PROBLEM REQUIREMENTS — Pictures excluded, return the lines below from the first through the line holding "Cecropia leaf takes".

******************************

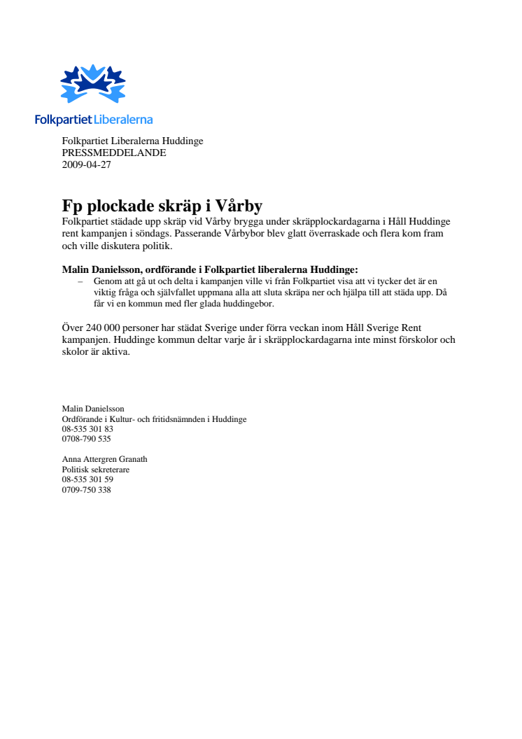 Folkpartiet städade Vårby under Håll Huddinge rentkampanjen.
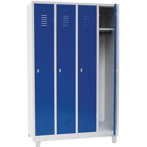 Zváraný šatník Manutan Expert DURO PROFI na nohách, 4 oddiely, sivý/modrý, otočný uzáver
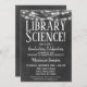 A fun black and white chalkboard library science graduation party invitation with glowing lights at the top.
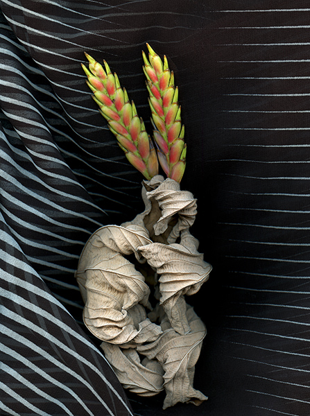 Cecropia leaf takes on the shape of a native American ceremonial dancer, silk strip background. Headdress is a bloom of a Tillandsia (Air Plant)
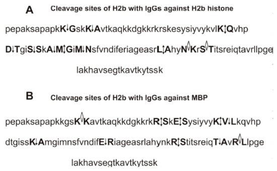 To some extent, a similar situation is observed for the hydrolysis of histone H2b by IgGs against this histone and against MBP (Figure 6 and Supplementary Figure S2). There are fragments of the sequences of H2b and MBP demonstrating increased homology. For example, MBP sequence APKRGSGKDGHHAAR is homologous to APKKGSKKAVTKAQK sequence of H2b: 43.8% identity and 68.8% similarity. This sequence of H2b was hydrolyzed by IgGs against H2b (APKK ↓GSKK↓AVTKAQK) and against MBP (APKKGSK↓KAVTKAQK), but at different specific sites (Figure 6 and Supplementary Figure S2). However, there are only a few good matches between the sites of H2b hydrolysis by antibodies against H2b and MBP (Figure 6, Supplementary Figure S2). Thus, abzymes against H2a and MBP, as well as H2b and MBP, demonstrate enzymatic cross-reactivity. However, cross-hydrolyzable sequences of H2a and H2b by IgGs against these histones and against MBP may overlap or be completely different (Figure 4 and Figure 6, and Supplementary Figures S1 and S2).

******************************

RESPONSE TO THIS EXERCISE —
 Folkpartiet städade Vårby under Håll Huddinge rentkampanjen.
 Zváraný šatník Manutan Expert DURO PROFI na nohách, 4 oddiely, sivý/modrý, otočný uzáver
 A fun black and white chalkboard library science graduation party invitation with glowing lights at the top.
 Cecropia leaf takes on the shape of a native American ceremonial dancer, silk strip background. Headdress is a bloom of a Tillandsia (Air Plant)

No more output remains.